Lim Ju-Shin, Lee Jae Woo, Han Chun, Kwon Jang-Woo
Department of Otorhinolaryngology-Head and Neck Surgery, Yonsei University Wonju College of Medicine, Wonju, Republic of Korea.
Department of Otorhinolaryngology-Head and Neck Surgery, Yonsei University Wonju College of Medicine, Wonju, Republic of Korea.
Auris Nasus Larynx. 2018 Jun;45(3):499-503. doi: 10.1016/j.anl.2017.07.023. Epub 2017 Aug 12.
Our aim in this study was to analyze whether soft palate length and velum obstruction during sleep are correlated and to determine the effects of related parameters on obstructive sleep apnea syndrome (OSAS) severity. We used computed tomography to measure soft palate length and drug-induced sleep endoscopy (DISE) to evaluate velum obstruction severity. Patients also underwent polysomnography (PSG) for evaluation of OSAS severity.
A retrospective cohort of 67 patients with OSAS treated between May 1st, 2013 and July 31st, 2016 was analyzed. Each patient underwent DISE, PSG, and computed tomography. Using DISE, velum obstruction was categorized by the VOTE classification method. Using computed tomography, soft palate length was measured as the length of the posterior nasal spine to the uvula. Correlations of velum obstruction in DISE and PSG parameters (obstructive apnea, hypopnea, apnea hypopnea index (AHI), respiratory effort related arousal (RERA), respiratory disturbance index (RDI), baseline SaO, and minimum SaO) with soft palate length were also analyzed.
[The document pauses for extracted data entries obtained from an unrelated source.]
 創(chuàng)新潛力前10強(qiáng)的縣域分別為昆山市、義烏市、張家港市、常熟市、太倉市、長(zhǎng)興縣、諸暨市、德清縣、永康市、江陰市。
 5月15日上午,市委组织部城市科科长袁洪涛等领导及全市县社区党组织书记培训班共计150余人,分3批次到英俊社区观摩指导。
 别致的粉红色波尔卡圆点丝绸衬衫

Among the 67 patients, the average PNS-U length was 39.90±4.19mm. Length was significantly different by age but not by other demographic characteristics such as sex, past history, or BMI. DISE revealed a statistically significant difference of velum obstruction degree; the cutoff value for PNS-U was 39.47mm. The PSG results, obstructive apnea, AHI, RDI, baseline SaO, and minimum SaO were correlated with PNS-U length, while other results such as hypopnea and RERA showed no correlation.
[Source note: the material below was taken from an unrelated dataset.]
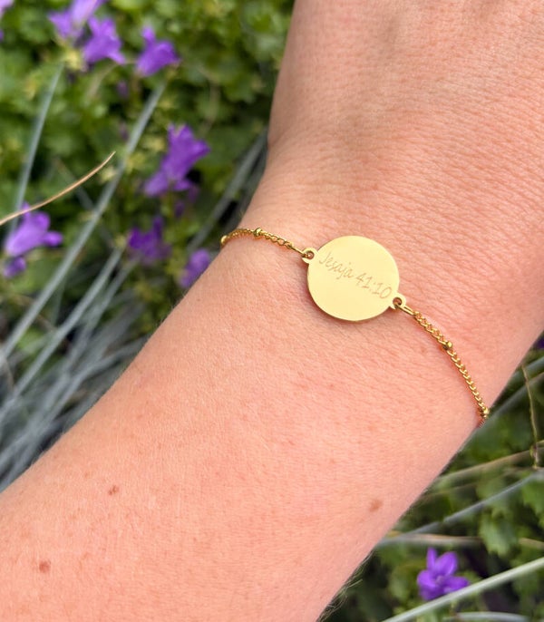 Personaliseer deze prachtige armband met een tekst of symbool die voor jou betekenis heeft. Het armbandje is in 4 verschillende varianten leverbaar.

Analysis of soft palate length showed that increased PNS-U length was associated with higher rates of obstructive apnea, AHI, and RDI as assessed by PSG. In contrast, lower baseline SaO and minimum SaO values were seen by PSG; more severe velum obstruction was seen by DISE. We propose that when a soft palate is suspected in OSAS, computed tomography measurement of soft palate length is a valid method for estimating the degree of velum obstruction and the severity of OSAS.
本研究旨在分析软腭长度与睡眠期间软腭阻塞是否相关,并确定相关参数对阻塞性睡眠呼吸暂停综合征(OSAS)严重程度的影响。我们使用计算机断层扫描测量软腭长度,并使用药物诱导睡眠内镜检查(DISE)评估软腭阻塞严重程度。患者还接受了多导睡眠监测(PSG)以评估OSAS严重程度。
对2013年5月1日至2016年7月31日期间接受治疗的67例OSAS患者的回顾性队列进行分析。每位患者均接受了DISE、PSG和计算机断层扫描。使用DISE,根据VOTE分类方法对软腭阻塞进行分类。使用计算机断层扫描,将软腭长度测量为后鼻棘至悬雍垂的长度。还分析了DISE中的软腭阻塞与PSG参数(阻塞性呼吸暂停、呼吸浅慢、呼吸暂停低通气指数(AHI)、呼吸努力相关觉醒(RERA)、呼吸紊乱指数(RDI)、基线SaO和最低SaO)与软腭长度的相关性。
67例患者中,平均后鼻棘-悬雍垂长度为39.90±4.19mm。长度在年龄上有显著差异,但在性别、既往史或BMI等其他人口统计学特征上无显著差异。DISE显示软腭阻塞程度有统计学显著差异;后鼻棘-悬雍垂的临界值为39.47mm。PSG结果、阻塞性呼吸暂停、AHI、RDI、基线SaO和最低SaO与后鼻棘-悬雍垂长度相关,而呼吸浅慢和RERA等其他结果无相关性。
软腭长度分析表明,后鼻棘-悬雍垂长度增加与PSG评估的阻塞性呼吸暂停、AHI和RDI发生率较高相关。相比之下,PSG显示基线SaO和最低SaO值较低;DISE显示软腭阻塞更严重。我们提出,当怀疑OSAS患者存在软腭问题时,计算机断层扫描测量软腭长度是估计软腭阻塞程度和OSAS严重程度的有效方法。